Geopolitical risks take center-stage in bumper year for elections
With over half of the world’s population going to the voting booth over the next 12 months, CEOs are acutely aware of geopolitical risks and the potential business impact. Over three-quarters of those surveyed (78%) are worried about the potential rise of populist movements to increase geopolitical uncertainty and create business challenges. Seventy-six percent of respondents were also concerned about the political misuse of AI in major 2024 elections.
While many CEOs feel confident about their organization’s ability to integrate geopolitical turbulence into their decision-making, nearly half (48%) of respondents believe there is room for improvement in their defined and active processes for managing geopolitical risks. In fact, 98% of CEOs and PE leaders surveyed are having to make alterations to their investment plans including exiting certain businesses (32% of CEO respondents and 38% of PE respondents) or delaying a planned investment (42% of CEO respondents and 32% of PE respondents).
Guerzoni says, “The influence of the political world on the corporate world is as strong as ever, but this year we’re seeing another risk emerge – the rise of AI in political campaigning and the potential for its misuse. CEOs are well aware of the need to integrate geopolitical turbulence in their strategic plans. But with many still unsure about their risk management processes, now is the time to revisit and refine strategies to navigate through a volatile geopolitical landscape.”
To read the full report, please visit: ey.com/CEOOutlook.
About EY
EY exists to build a better working world, helping create long-term value for clients, people and society and build trust in the capital markets.
Enabled by data and technology, diverse EY teams in over 150 countries provide trust through assurance and help clients grow, transform and operate.
Working across assurance, consulting, law, strategy, tax and transactions, EY teams ask better questions to find new answers for the complex issues facing our world today.

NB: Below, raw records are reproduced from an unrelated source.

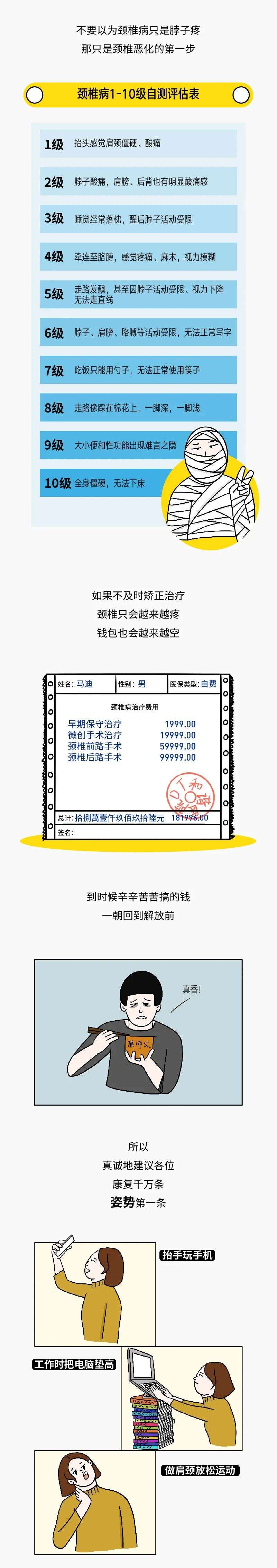 颈椎病10级测评表,你到哪级了?
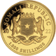 Die Wertseite der Goldmünze zeigt das Wappen Somalias, das am 10. Oktober 1956 angenommen wurde. Das Herkunftsland dieser Münze ist nämlich die Bundesrepublik Somalia.
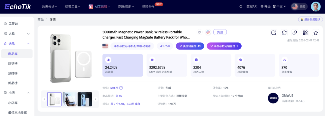 近期,一款无线磁吸式移动电源在TikTok爆卖!
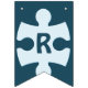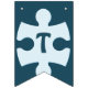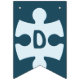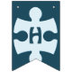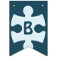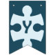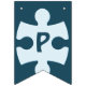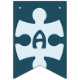 Fun Jigsaw Puzzle Pieces Happy Birthday Blue Bunting Flags feature a jigsaw puzzle piece with a custom image on top, adding a personal touch. It can be used to feature the puzzle theme. The rest of the flags spell the word "Happy Birthday", each flag holding one letter.
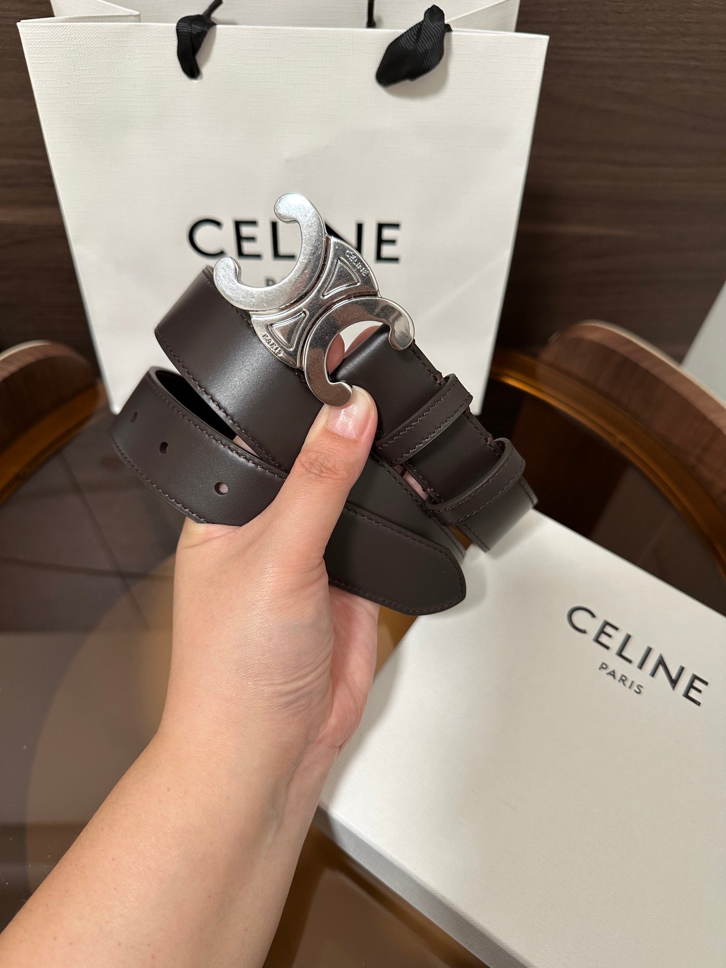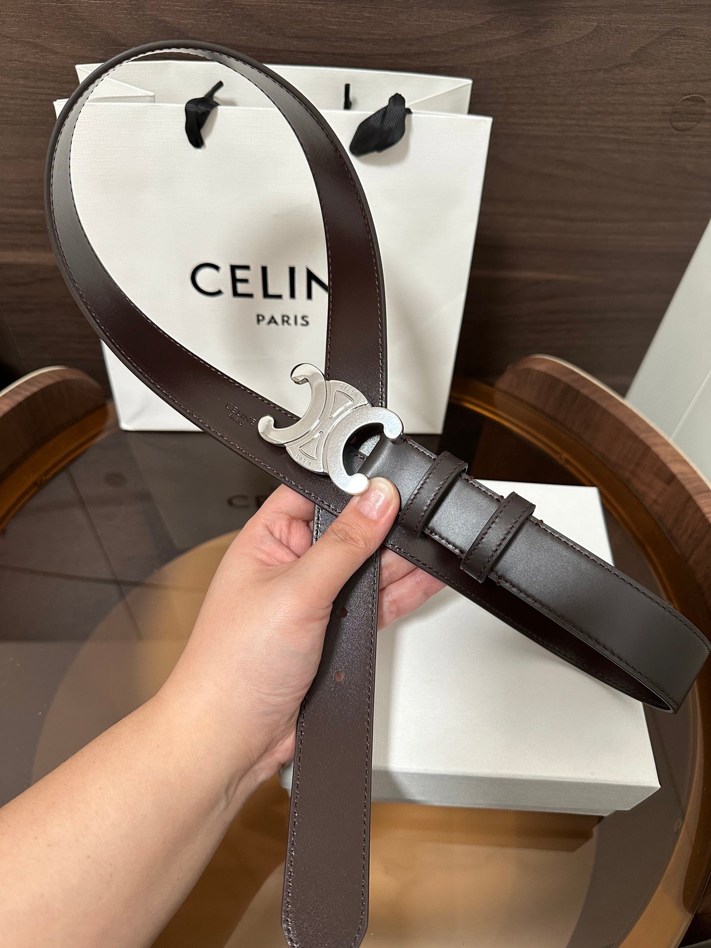 TRIOMPHE BELT 30MM IN DARK BROWN CALFSKIN WITH SILVER BUCKLE
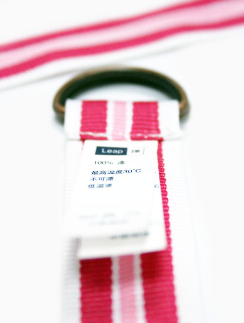 2.4cm涤纶彩色织带,尾端车缝收口;
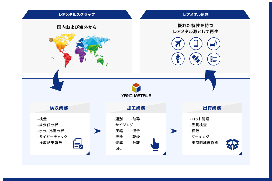 レアメタルに関する幅広い知識を駆使し、省エネルギーを意識した加工技術を用いて、集荷・分析・検査・加工・出荷までの一貫したオペレーションを行います。
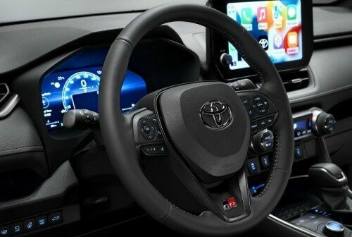 L’équipement haut de gamme du Rav4 GR Sport comprend le réglage électrique des sièges avant et une nouvelle version du moniteur de vision panoramique Toyota. Ce dernier propose notamment une vue sous la voiture pour permettre au conducteur d’examiner la surface du terrain et de localiser précisément les roues lors des manœuvres à basse vitesse. Une assistance supplémentaire est fournie par une nouvelle caméra de recul digitale dont les images sont de meilleure qualité que celles du système analogique précédent. De nombreuses aides à la conduite et entre autres un système multimédia de dernière génération complètent l’offre. Ce dernier est équipé d’un écran tactile de 10,5 pouces. Monté au centre du tableau de bord et conçu pour s’harmoniser parfaitement avec le design intérieur de la voiture, ce moniteur de couleur noire offre des graphismes haute définition pour une netteté et une lisibilité idéale dans toutes les conditions d’éclairage. Un menu avec des icônes est affiché en permanence du côté conducteur. Les utilisateurs peuvent connecter leur smartphone ou leur tablette au système, avec ou sans fil s’ils utilisent Apple CarPlay®, ou via une liaison filaire pour Android Auto®. Le pack multimédia comprend un système de navigation qui utilise des informations sur le trafic mises à jour en temps réel pour une planification d’itinéraire précise et efficace. Un système de navigation intégré au véhicule est également disponible en option lorsqu’aucune connexion au cloud n’est possible. Ce système offre des fonctions supplémentaires comme la reconnaissance des panneaux routiers, des informations météorologiques locales et les alertes à destination du conducteur lorsqu’il approche des zones à faibles émissions (ZFE). Tarifs : environ 55 000 euros.
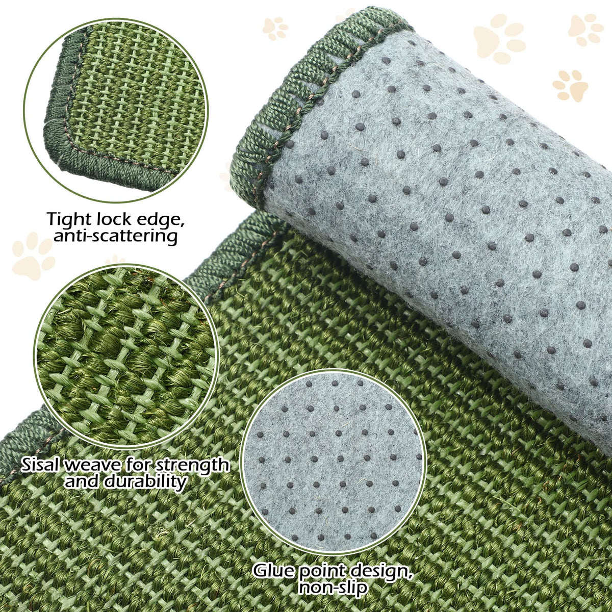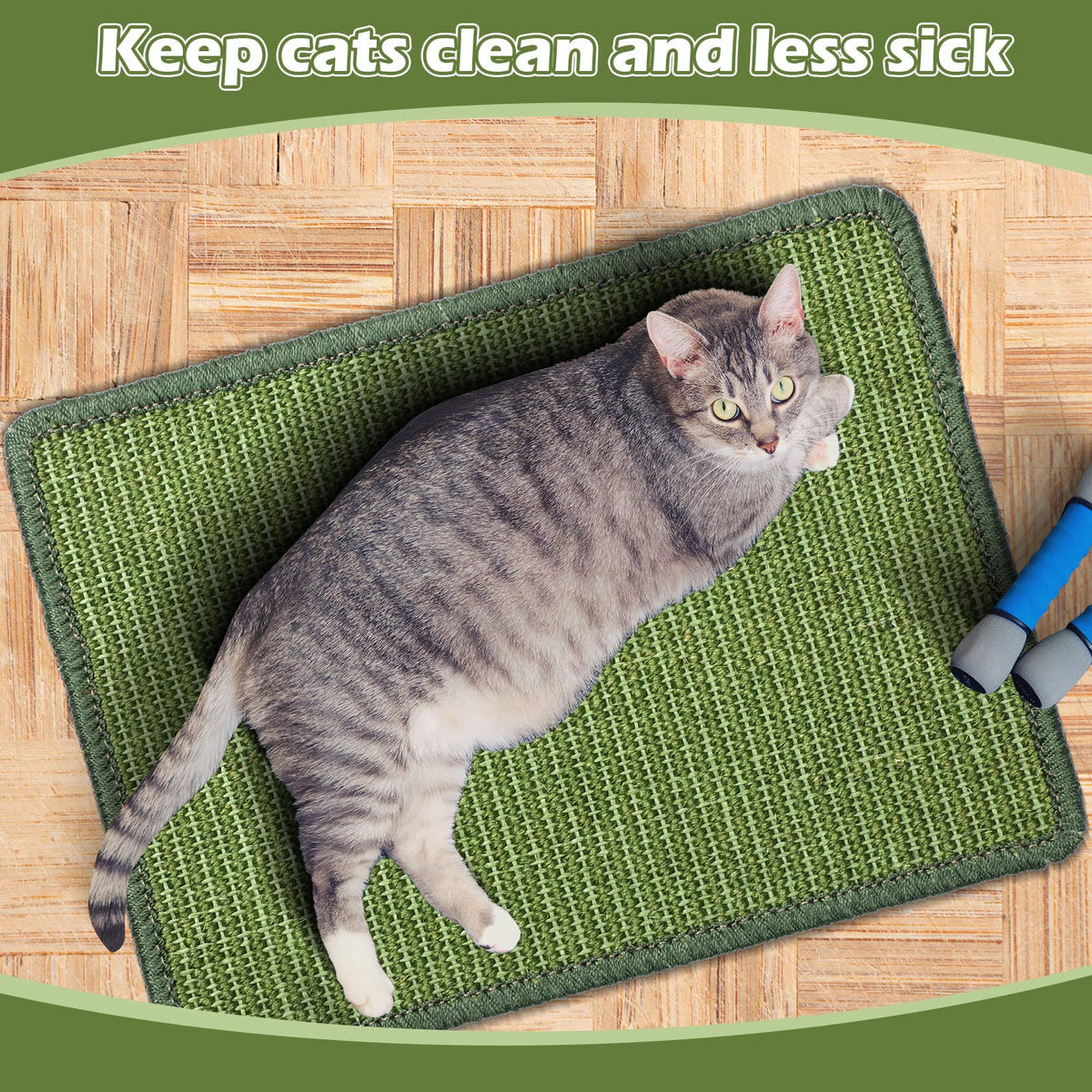 Features: Multiple functions: The long scratching mat is made from woven sisal with a stable backing that will not fall off on your floor while your kitty playing with it. The versatile design allows you to use it as a scratch pad, sleeping pad, cat litter mat, or even as a mat door. Anti skid design: The bottom is made of non slip latex, which increases its thickness and stability, making it not easy to slide. Protect the paws: Satisfy your cat's love for the protector mats and pass on his/her love to the mat. Keep your cat busy and keep her paws healthy. Specifications: Main material: sisal Color: green Size: approx. 11.8 x 15.7 inches/ 30 x 40 cm Package Includes: 4 x Cat scratch mats Notes: Manual measurement, please allow slight errors on size. The color may exist a slight difference due to different screen displays.

EY refers to the global organization, and may refer to one or more, of the member firms of Ernst & Young Global Limited, each of which is a separate legal entity. Ernst & Young Global Limited, a UK company limited by guarantee, does not provide services to clients. Information about how EY collects and uses personal data and a description of the rights individuals have under data protection legislation are available via ey.com/privacy. EY member firms do not practice law where prohibited by local laws. For more information about our organization, please visit ey.com.
This news release has been issued by EYGM Limited, a member of the global EY organization that also does not provide any services to clients.
About the January 2024 EY CEO Outlook Pulse
On behalf of EY, in December 2023 and January 2024 FT Longitude, the specialist research and content marketing division of the Financial Times Group, conducted a survey of 1,200 CEOs from large companies around the world. This anonymous online survey aims to provide valuable insights on the main trends and developments impacting the world’s leading companies as well as business leaders’ expectations for future growth and long-term value creation. Respondents represented 21 countries (Brazil, Canada, Mexico, the United States, Belgium, Luxembourg, the Netherlands, France, Germany, Italy, Denmark, Finland, Norway, Sweden, the United Kingdom, Australia, China, India, Japan, Singapore and South Korea) and five industries (consumer and health, financial services, industrials and energy, infrastructure, technology, media and telecoms). Surveyed companies’ annual global revenues were as follows: less than US$500m (19%), US$500m–US$999.9m (19%), US$1b–US$4.9b (30%) and greater than US$5b (32%).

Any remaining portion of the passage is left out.